There are different techniques and locations where this can be done, but if you have a service provider like AWS you can set it up in CloudFront so that requests to a certain URL are also sent to another one and then you can compare the results (you can even place code in CloudFront).
If you use your own API Gateway like YARP or Ocelot, you can always write the code manually to perform this comparison.
In any case, how you implement it or what technology you use matters less than the concept itself.
What we have to do is check that the responses are identical, have monitoring and logs because we'll need them. There's no point in getting an alert that the responses are not identical, we also need to know why, and ideally, we need the user's request to replicate the scenario.
2 - When to implement shadow testing?
Ideally, we would think always, at least for a little while when you deploy an application to production, but the reality is it's easier said (and explained) than done.
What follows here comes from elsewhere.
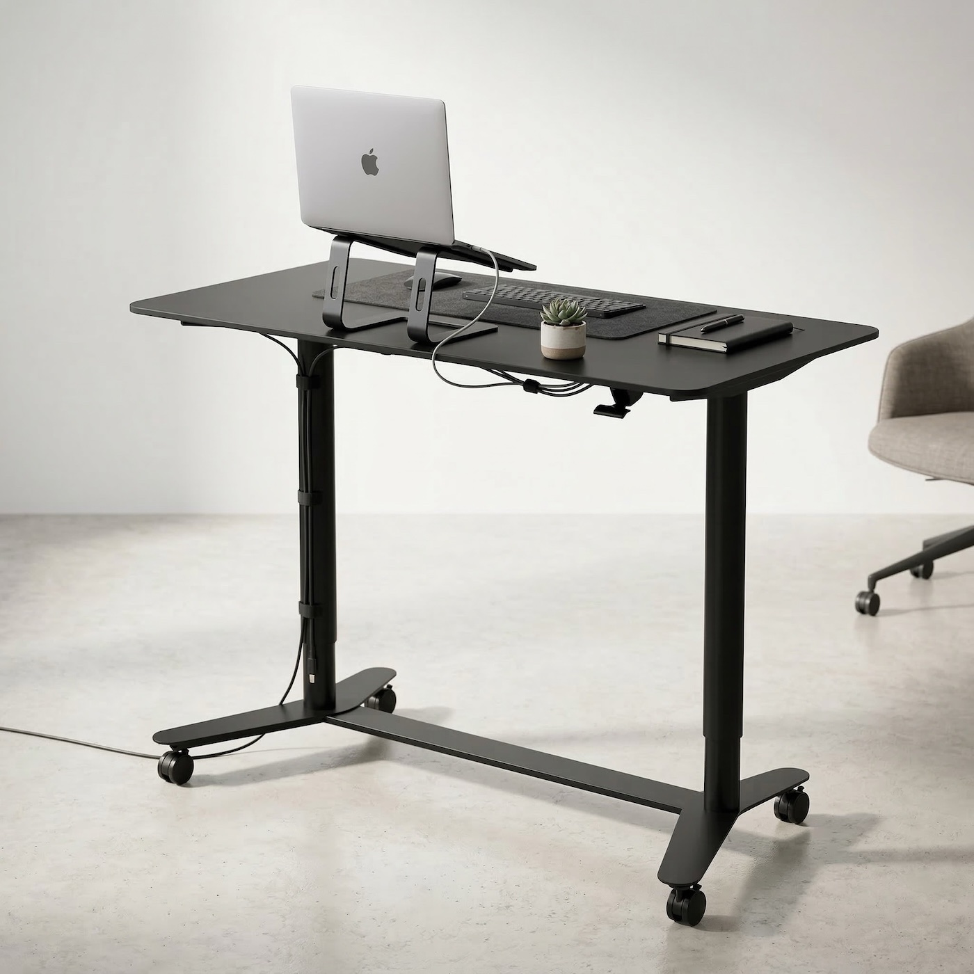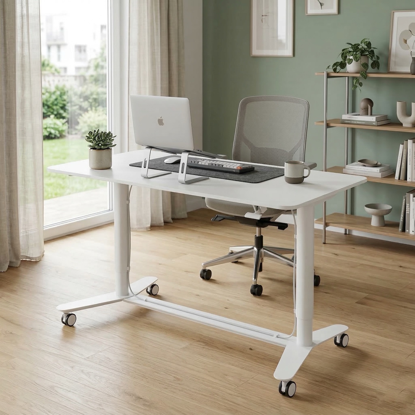 Mechanizm regulacji działa pneumatycznie, co oznacza pełną niezależność od zasilania elektrycznego — nie są potrzebne żadne kable ani dostęp do gniazdka. Wysokość można zmieniać płynnie i precyzyjnie, dokładnie wtedy, gdy jest to potrzebne. Biurko wyposażono również w kółka z hamulcami, które ułatwiają jego przestawianie, a jednocześnie pozwalają stabilnie zablokować je w wybranym miejscu. Dzięki temu PD-2-120 można bez wysiłku przesunąć podczas sprzątania czy reorganizacji przestrzeni, co docenią zwłaszcza osoby dbające o dokładną czystość, w tym alergicy.

Implementing shadow testing has very high costs because at first glance, you're doubling the number of requests to a service. But what if that service calls another which in turn calls another, and one or both of those are also being deployed? The number of resources needed in the system grows exponentially, including database resources.
So it is quite expensive. If you run it for 10 minutes during off-peak times, you may not notice, but if for any reason you run shadow testing on every deployment, you definitely will notice it.
Besides the monetary infrastructure cost, there's the cost of maintenance and development, since all that logic needs to be written and maintained, which is not easy.
Still, there are situations where it can save us from future problems.
A - Migrations: When you migrate an API from one system to another, or from one language to another, or even between versions of the same language, for example, migrating an app from NET Framework to the latest version of .NET, if the app's logic is even a bit complex, you should follow the same practices as if you were migrating an app from Ruby to Go. That means, running both apps in parallel, comparing results for a few minutes/hours/days, if all goes well, do the final deployment.
B - Refactorings: In the real world, rarely does an app get refactored unless a dependency changes or a process demands a big change. In those scenarios, when you change a large portion of code, it's also ideal to be sure. While you'll have your unit and integration tests, those kinds of tests rarely catch the "edge cases." So, having both apps running in parallel and comparing results can save us from problems and headaches.
3 - Combining Shadow Testing with Other Techniques
Ideally, you shouldn't just do shadow testing, but use this technique as part of the toolset you use to verify changes in production.
Just because you have shadow testing in your system doesn’t mean you should eliminate unit or integration tests, since those tests will catch errors or issues long before shadow testing would.
The same applies to having multiple environments (dev/staging/prod): just because you do shadow testing and other techniques doesn't mean you should stop using those environments.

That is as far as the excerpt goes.